- _Aim of the task_:
What are the lines from the one containing "Su comportamiento en" through the last line of the records below? Return them exactly, leaving out pictures.
Start of Data under study
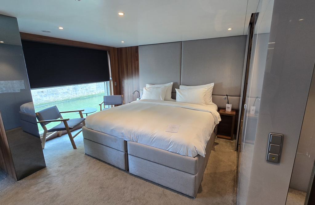 Separate bedroom and lounge area, Queen-size or twin hotel-style beds, Pillow menu, En-suite bathroom with shower, indulgent toiletries, hair dryer, on-board complimentary bathrobes and slippers, Walk-in wardrobe, Complimentary in-suite mini- bar, restocked daily with wine, beer and soft drinks, Complimentary Nespresso machine, Continental breakfast, pre-dinner canapés and after-dinner sweet treats served in your suite, Four items of laundry per day, Invite to dinner at the Captain’s Table
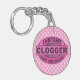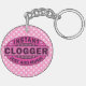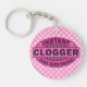 "Instant Clogger: Just Add Music." This cute double-sided keychain design for clog dancers features an oval-shaped banner in shades of pink, purple and white with music notes and stripes. The background is light pink with white polka dots. It's a pretty key chain for the clog dancing fan. See variations and more original clogging designs at our ClogDance shop link!
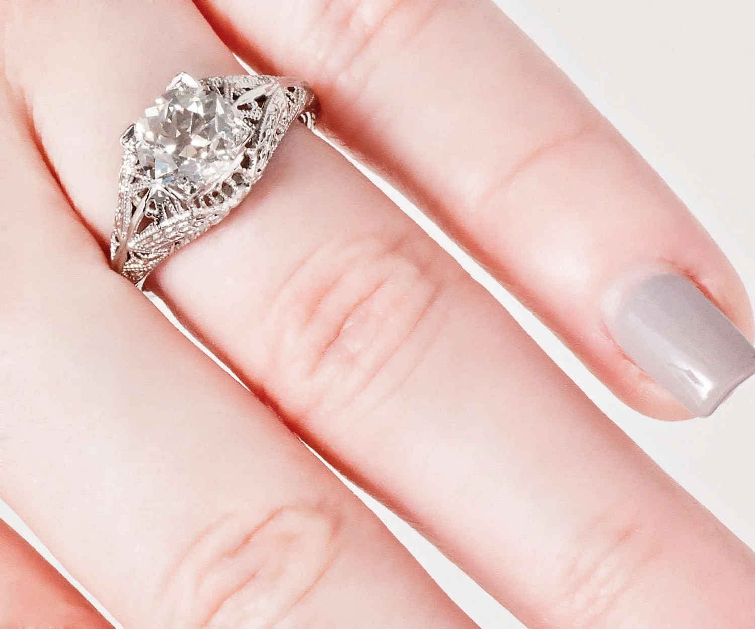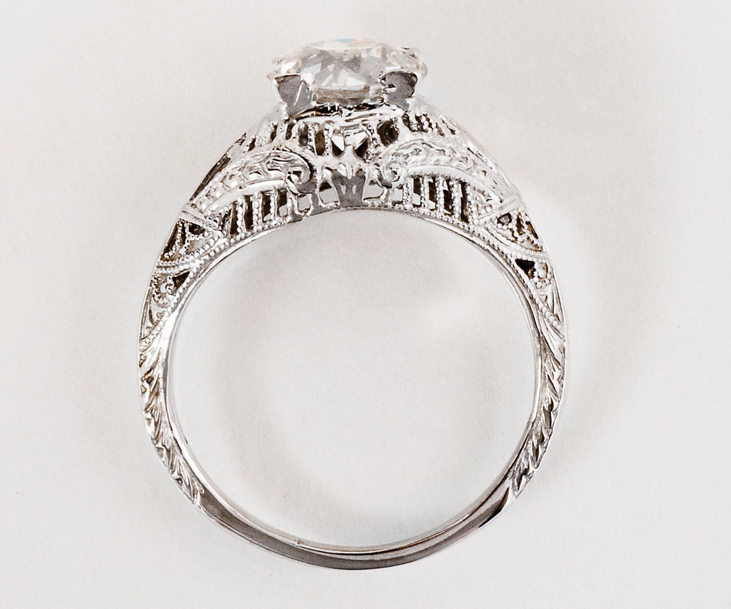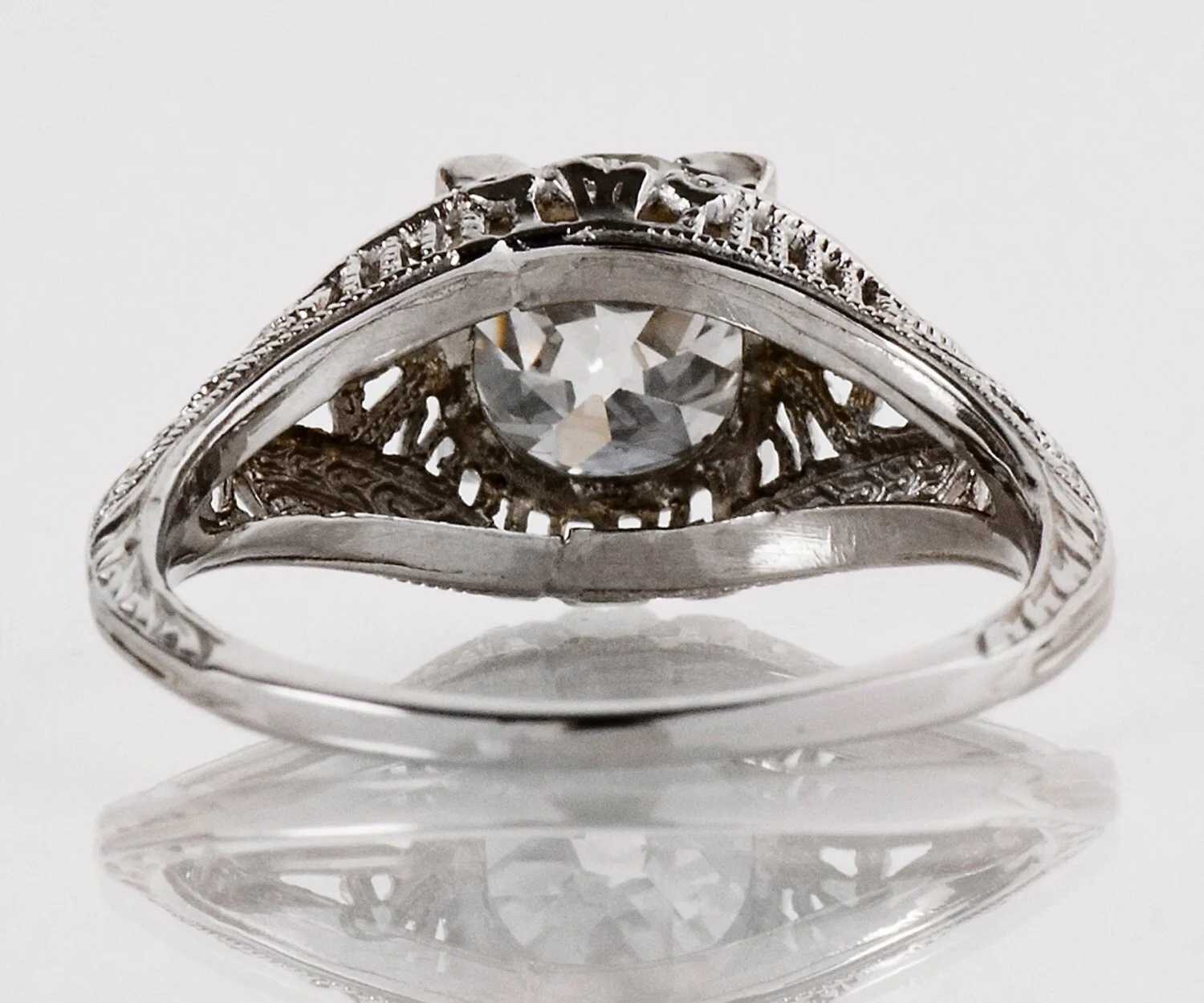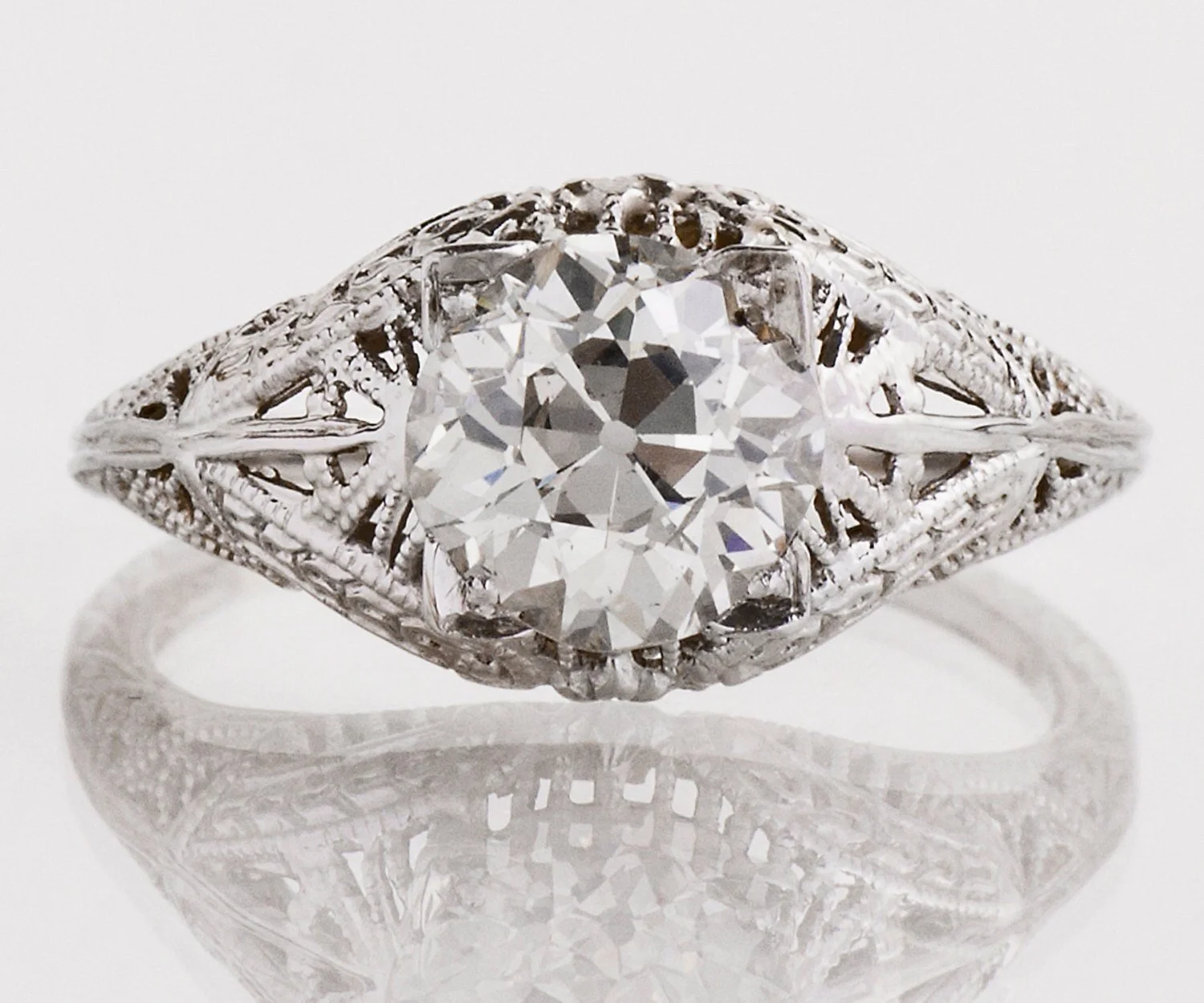 This gorgeous antique engagement ring is a lot of sparkle at an excellent price. With a brilliant Old European Cut Diamond of 1.69cts, this ring is nothing short of fabulous and romantic. With intricate wired filigree detail, this Edwardian ring would make a future bride very happy.
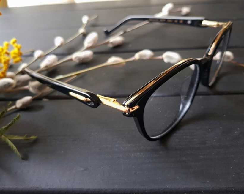 • Использование золотых вставок в пластик – на дужках, в угловой зоне или в районе верхней части с перегородкой на переносице может присутствовать элемент позолоты, выигрышно утопающий в черном фоне матового или глянцевого основного пластика.• Двуцветная композиция – окантовка линз может быть одного цвета, а сами дужки могут быть выполнены в другом оттеночном решении
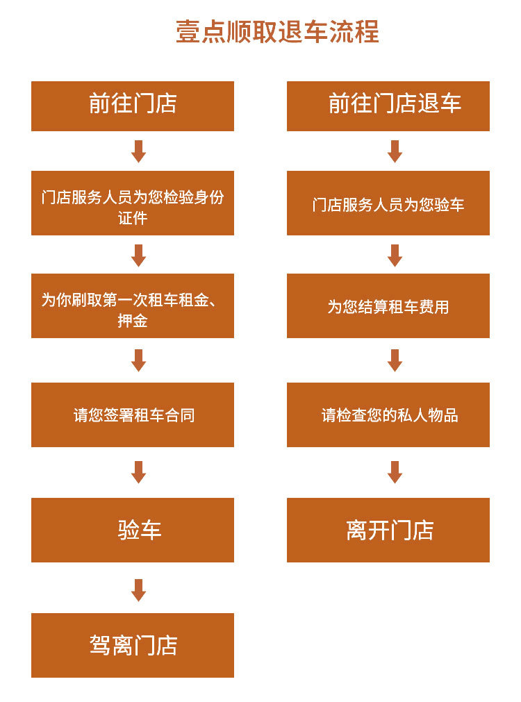 1、離開門店前,請(qǐng)先熟悉租用車輛的安全性能,危險(xiǎn)警示燈、門鎖、門頭以及備胎。 2、壹點(diǎn)順汽車接受信用卡及國內(nèi)借記卡支付。 3、取車時(shí),請(qǐng)根據(jù)您租車的車型,收取相應(yīng)的租金或押金。 4、還車時(shí),留取2000元違章押金,15日后,無違章自動(dòng)轉(zhuǎn)賬退款,如有違章,自己處理或代辦。
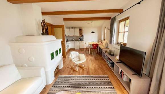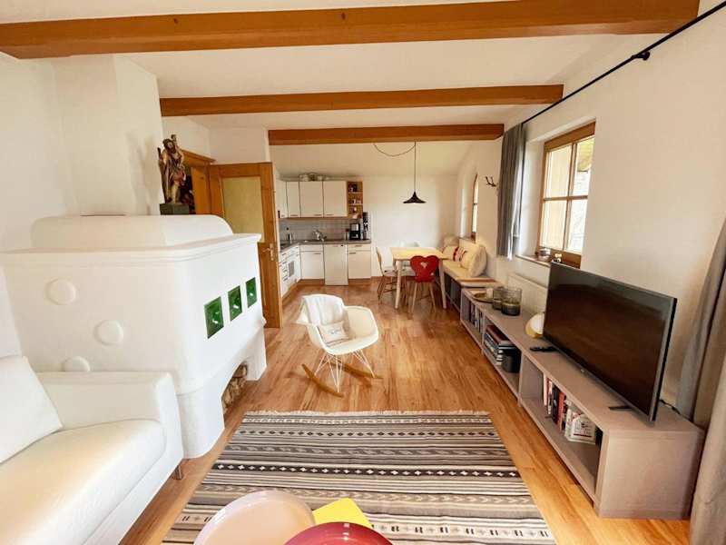 Die Ferienwohnung umfasst ein Schlafzimmer, ein Wohnzimmer mit Flachbild-TV, eine gut ausgestattete Küche mit Kühlschrank und Geschirrspüler sowie ein Badezimmer mit Badewanne. Ein Balkon mit Bergblick ist ebenfalls vorhanden. Handtücher und Bettwäsche werden bereitgestellt.
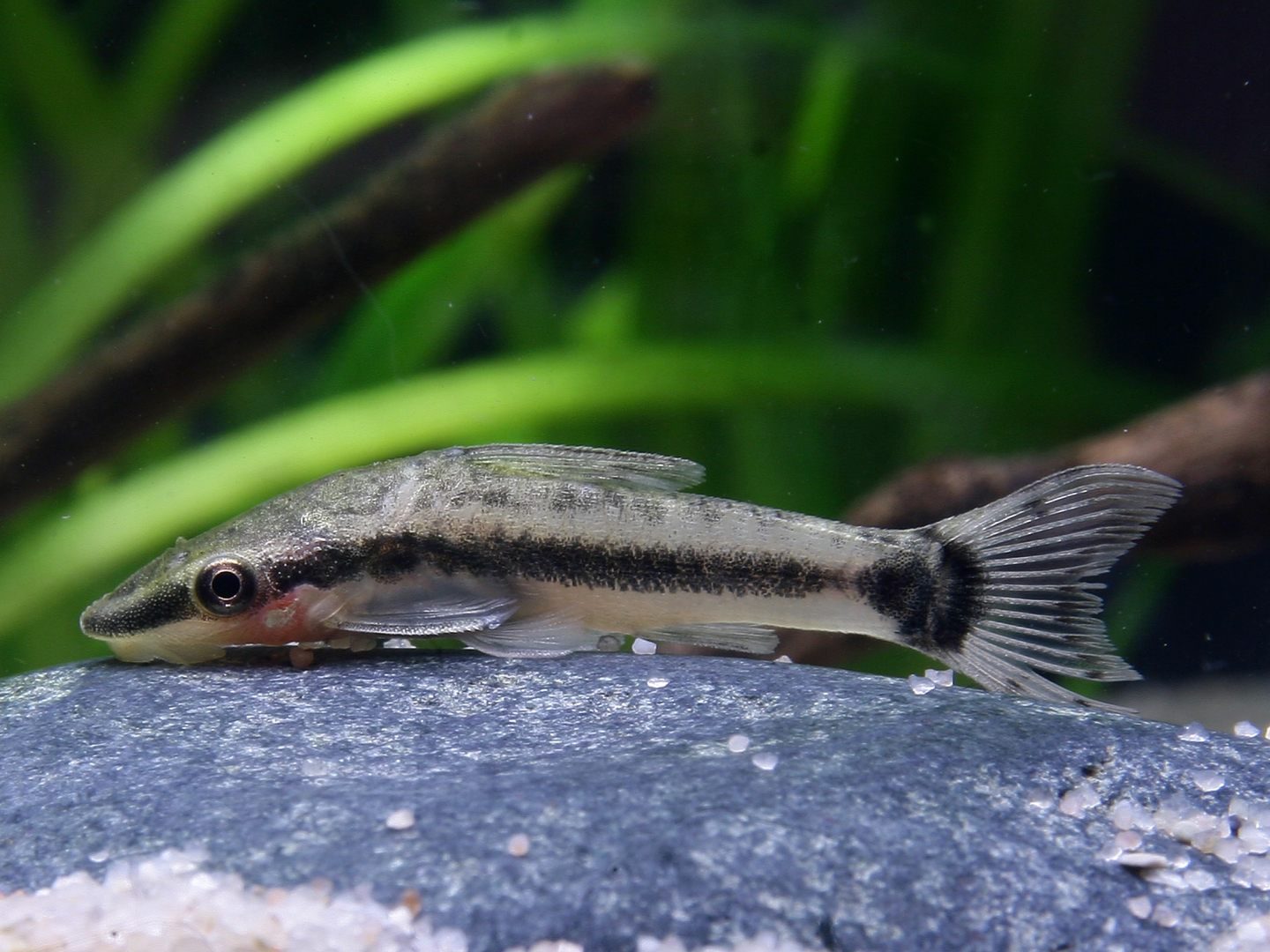 Su comportamiento en acuario es pacífico y podemos observarlos realizando desplazamientos cortos entre periodos de reposo sobre cualquier objeto sumergido incluyendo los cristales sujeto con su aparato bucal succionador.
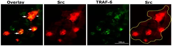 TRAF-6 and Src knockout mice develop osteopetrosis due to impaired bone resorption by osteoclasts [35,36]. In addition, cytoskeletal organization by IL-1 is mediated by the TRAF-6/Src complex [37]. Therefore, we sought to determine by immunostaining analysis whether Src (red) and TRAF-6 (green) were colocalized in osteoclasts plated on dentine and treated with TNF-α for 3–4 h (Figure 3). Intense staining of Src was observed in dense patches, and in some of those dense areas, colocalization (yellow color) of TRAF-6 and Src was found (overlay panel; indicated by arrows). Immunostaining analysis demonstrated possible interaction between these two proteins.
End of Data under study
- _Response area_:
 Su comportamiento en acuario es pacífico y podemos observarlos realizando desplazamientos cortos entre periodos de reposo sobre cualquier objeto sumergido incluyendo los cristales sujeto con su aparato bucal succionador.
 TRAF-6 and Src knockout mice develop osteopetrosis due to impaired bone resorption by osteoclasts [35,36]. In addition, cytoskeletal organization by IL-1 is mediated by the TRAF-6/Src complex [37]. Therefore, we sought to determine by immunostaining analysis whether Src (red) and TRAF-6 (green) were colocalized in osteoclasts plated on dentine and treated with TNF-α for 3–4 h (Figure 3). Intense staining of Src was observed in dense patches, and in some of those dense areas, colocalization (yellow color) of TRAF-6 and Src was found (overlay panel; indicated by arrows). Immunostaining analysis demonstrated possible interaction between these two proteins.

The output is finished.